Numerical Fractional-Calculus Model for Two-Phase Flow in Fractured Media

1Department of Mathematics, Shanghai University, Shanghai 200444, China
2School of Mathematics and Statistics, Hubei Engineering University, Xiaogan, Hubei 432000, China

Received 17 May 2013; Revised 13 July 2013; Accepted 13 July 2013

Academic Editor: H. Srivastava

Copyright © 2013 Wenwen Zhong et al. This is an open access article distributed under the Creative Commons Attribution License, which permits unrestricted use, distribution, and reproduction in any medium, provided the original work is properly cited.

Abstract

Numerical simulation of two-phase flow in fractured porous media is an important topic in the subsurface flow, environmental problems, and petroleum reservoir engineering. The conventional model does not work well in many cases since it lacks the memory property of fracture media. In this paper, we develop a new numerical formulation with fractional time derivative for two-phase flow in fractured porous media. In the proposed formulation, the different fractional time derivatives are applied to fracture and matrix regions since they have different memory properties. We further develop a two-level time discrete method, which uses a large time step for the pressure and a small time step size for the saturation. The pressure equation is solved implicitly in each large time step, while the saturation is updated by an explicit fractional time scheme in each time substep. Finally, the numerical tests are carried out to demonstrate the effectiveness of the proposed numerical model.

1. Introduction

Numerical simulations for multiphase flow in fractured porous media are very important in the subsurface flow, environmental problems, and petroleum reservoir engineering. Compared to usual heterogenous porous media, the fractured media have two spaces with two distinct scales: the fracture and the matrix. The fractures possess the higher permeability than the matrix, but their volume is very small when compared to the matrix. Several conceptual models [111] have been developed to simulate the multiphase flow in porous media, for example, the single-porosity model, the dual-porosity/dual-permeability model, and the discrete-fracture model. The review for these models can be found in [4].

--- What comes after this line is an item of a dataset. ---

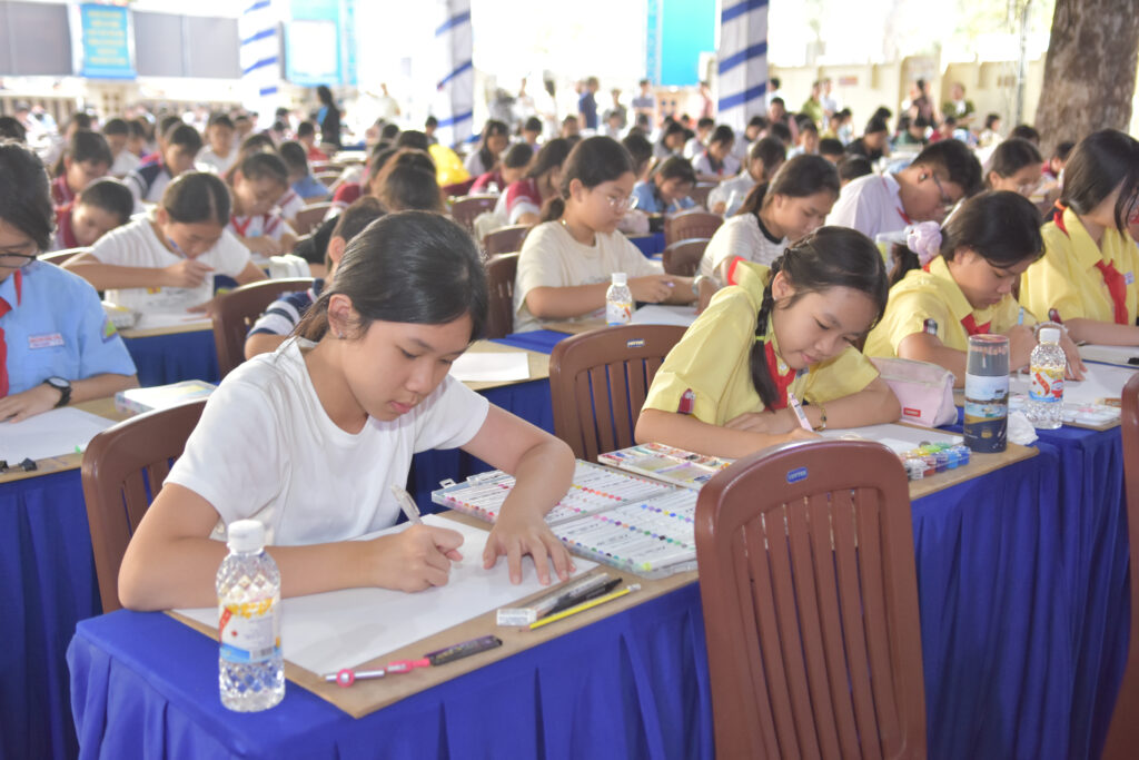 Theo thể lệ, các thí sinh thực hiện bài thi trong thời gian 90 phút trên giấy do Ban Tổ chức phát hành, với đa dạng chất liệu như màu nước, màu sáp, bút chì màu…Hơn 600 thí sinh tham gia hội th được Ban tổ chức phân chia thành 03 bảng thi gồm: Bảng A (các em có độ tuổi từ 5 – 7), bảng B (từ 8 đến 11 tuổi) và bảng C (thí sinh có độ tuổi từ 12 – 15 tuổi)… Từ những ý tưởng hồn nhiên, trong trẻo, các em đã gửi gắm nhiều thông điệp ý nghĩa về bảo vệ môi trường: giữ gìn nguồn nước sạch, trồng cây xanh, phân loại rác thải, bảo vệ động vật, xây dựng thành phố xanh – sạch – đẹp. Nhiều tác phẩm được Ban Giám khảo đánh giá cao về bố cục, màu sắc và chiều sâu thông điệp.

These models can deal well with the two-phase flow with constant physical parameters. However, the fluid flow may perturb the porous formation by causing particle migration resulting in pore clogging or chemically reacting with the medium to enlarge the pores or diminish the size of the pores [12]. As a matter of fact, the porosity and permeability often depend on the fluid pressure and saturation. For incompressible two-phase flow in petroleum reservoir engineering, the porosity varies small with respect to the pressure. However, the injection fluids can change the porosity to a great extent. In the displacement process of oil by water, the injected water will make the media wet, and then the porosity will be enlarged, along with the change of permeability. As a result, the variability of the physical parameters should be considered in modeling realistic two-phase flow. For flow in porous media, Caputo [13] has studied the behavior of fluxes in porous media using a memory formalism, in which the ordinary time derivative is replaced by a fractional derivative. Garra [14] has studied a fractional time derivative generalization of a previous Natale-Salusti model about nonlinear temperature and pressure waves, propagating in fluid-saturated porous rocks.

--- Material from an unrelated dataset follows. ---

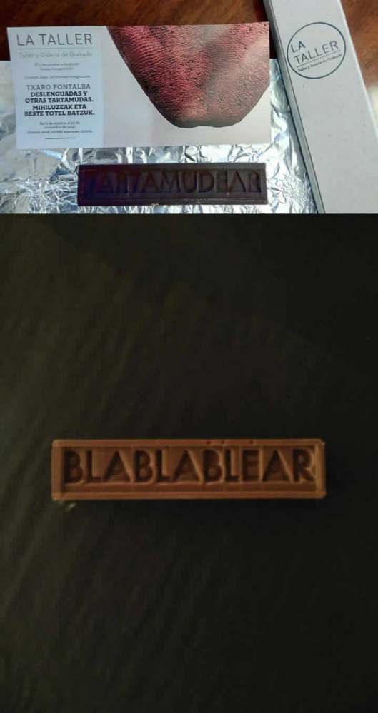 Como parte de la exposición “DESLENGUADAS Y OTRAS TARTAMUDAS”, he realizado una pequeña edición de piezas en chocolate a partir de moldes de tipos de imprenta de plomo.

In this paper, we will study a fractional time derivative generalization of a classical two-phase flow model. The ordinary time derivative is replaced by the Caputo fractional derivative with variable lower limit of integral. Because the Caputo fractional derivative is composed of the convolution of a power law kernel and the ordinary derivative of the function, it is a useful instrument to describe a power law frequency variability of the physical coefficients. Since the porosity and permeability have a remarkable contrast between matrixes and fractures, the proposed formulation uses the different fractional time derivatives for the flow in fracture and matrix regions to represent their different memory properties.

Many numerical methods have been developed in the literature, for example, [1517]. In order to simulate the fractional two-phase flow, we propose a two-level time discrete method based on the physical property that the pressure varies less rapidly than the saturation [18]; that is, a large time step is used for the pressure, along with a small time step size for the saturation. The local fractional differential equations have been widely studied in [19]. In our method, the memory of saturations is restricted within each large time step since the pressures are determined by saturations without historical memory. The proposed method is also viewed as the fractional generalization of the classical IMplicit Pressure Explicit Saturation (IMPES) method [20, 21], which is a popular time-stepping approach employed in multiphase flow simulation. Like IMPES, we split the coupled system into one pressure equation and one saturation equation based on the property of multiphysics processes of two-phase flow and treat the saturation and capillary pressure in the pressure equation explicitly to eliminate its nonlinearity. Each large time step is further divided into a few substeps, in which the saturation is updated by an explicit fractional time scheme. The cell-centered finite difference method [22] is employed for spatial discretization. Finally, numerical results are given to demonstrate the validity of the proposed numerical model.

2. Fractional Model of Two-Phase Incompressible Flow

2.1. Fractional Model

The Caputo fractional derivative is given by the convolution of a power law kernel and the ordinary derivative of the function. So it is a useful instrument to consider a power law frequency variability of the coefficients by a simple convolution. We now introduce the definition of the Caputo fractional derivative [17] as where is a function and . Here, we use the modified Caputo fractional derivative; that is, the lower limit of integral in (1) is taken to be a function of instead of the constant as usual; that is, . The fractional derivative can be used to describe the complex problems that involve memory in time because of the nonlocal property. From this, indicates the memory range at time , and this memory property varies with time.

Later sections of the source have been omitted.